In the siFip1 sample, both pAs of shortened 3’UTRs and of lengthened 3’UTRs displayed motif biases (Fig 6D). For lengthened 3’UTRs, there was an enrichment of TTTT in the -100 to -41 nt region of proximal pAs, and an depletion of the motif in the same region of distal pAs, suggesting that U-rich elements play a role in APA regulation mediated by Fip1. This result is consistent with the reported U-rich sequence binding for Fip1 [51] and is in good agreement with the binding locations reported by Lackford et al. [31]. Several 4-mers displayed a strong bias in the +1 to +100 nt region of proximal pAs of shortened 3’UTRs, including TAAA, AATA and ATAA. Hexamer analysis indicated that these motifs were derived from AATAAA (S6 Table). This result suggests that Fip1 inhibits usage of pAs with downstream AATAAA. To test this hypothesis further, we specifically examined pAs with or without downstream AATAAA and analyzed the influence of distance between pAs (Fig 6E). We found that, in the siFip1 sample, when the distance between proximal and distal pAs was < 120 nt, proximal pAs with downstream AATAAA within 100 nt (group 1, Fig 6E) tended to be much more used than those without the motif (group 2), as indicated by their RED scores (-0.44 vs. -0.03, P < 1x10-6, Kolmogorov–Smirnov, or K-S, test,). This trend could also been seen when the distance was > = 120 nt (0.11 vs. 0.30, group 3 vs. group 4, P = 0.14). Thus, Fip1 plays a role in selection of adjacent pAs, favoring AATAAA-associated downstream pAs. This result offers an explanation as to why genes with short aUTRs tended to have upregulated proximal pAs in the siFip1 sample (Fig 5F).

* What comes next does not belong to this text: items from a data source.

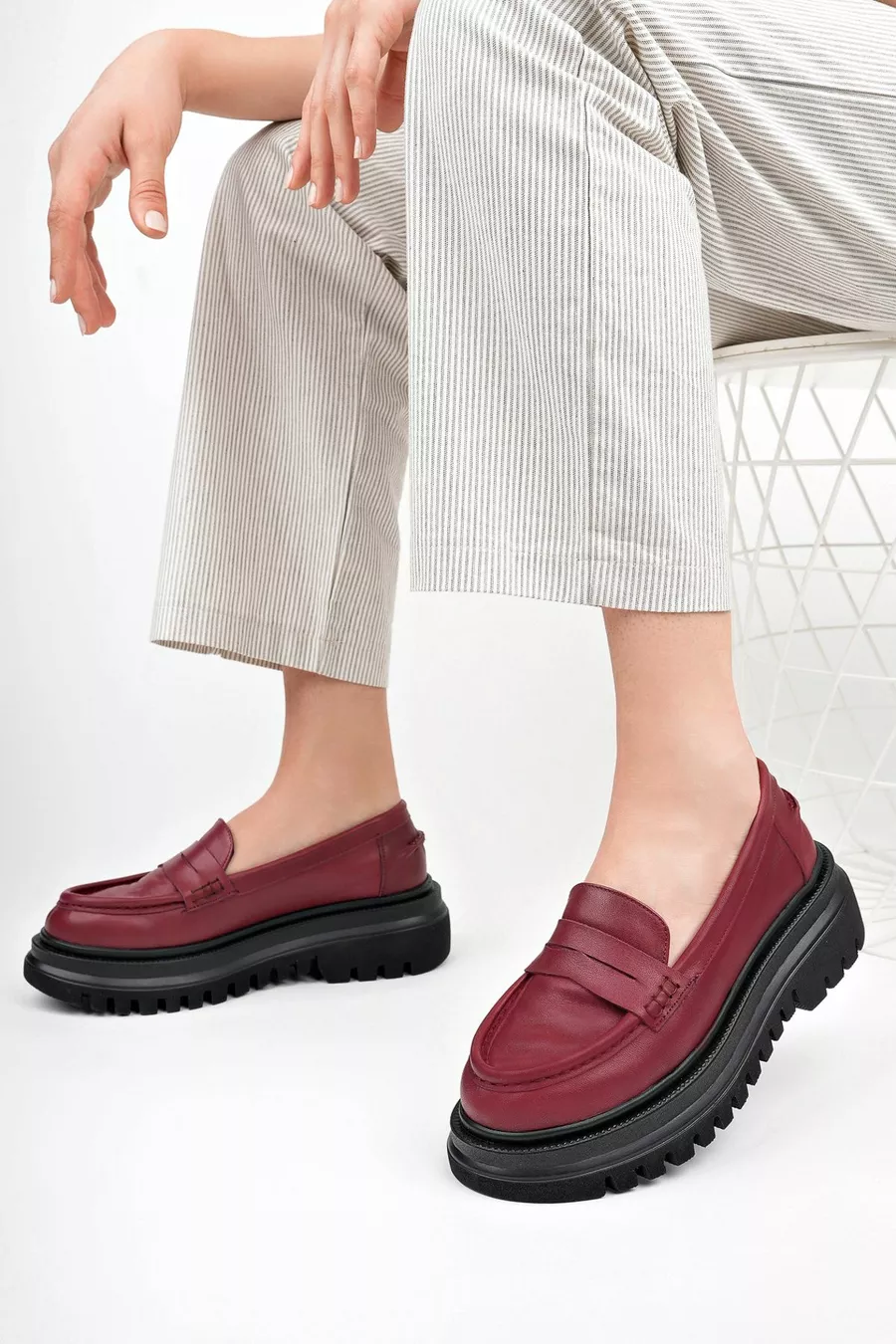 Cuir véritable Bourgogne Femmes Casual Semelle Épaisse Mocassins Chaussures De Mocassins
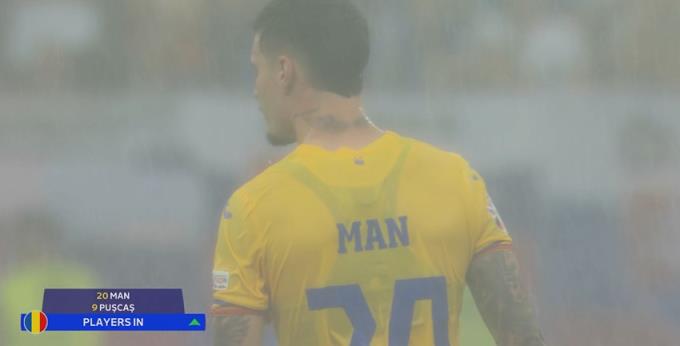 斯洛伐克vs罗马尼亚,上半场艳阳高照,热到双方进行补水暂停;下半场风云突变暴雨倾盆。
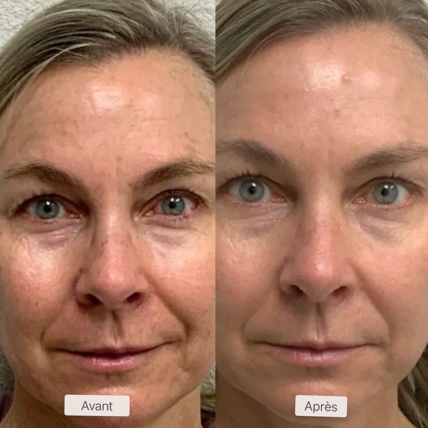 « J’étais sceptique, mais après quelques séances, mes ridules se sont adoucies et ma peau est visiblement plus ferme et plus lisse. »

Some cis element biases were also found in siPcf11 and siPABPN1 samples, with lower statistical significance (Fig 6B, S5 Table, and S6 Table). For example, TATT and TTAT were enriched for the +1 to +100 nt region of proximal pAs downregulated by siPcf11, and several TA-rich motifs were depleted from the -100 to -41 nt region of downregulated distal pAs but enriched for the same region of upregulated distal pAs in the siPABPN1 sample. Of all samples, siPABPC1 displayed the least cis element bias around regulated pAs, suggesting that its regulation of C/P does not involve specific cis elements.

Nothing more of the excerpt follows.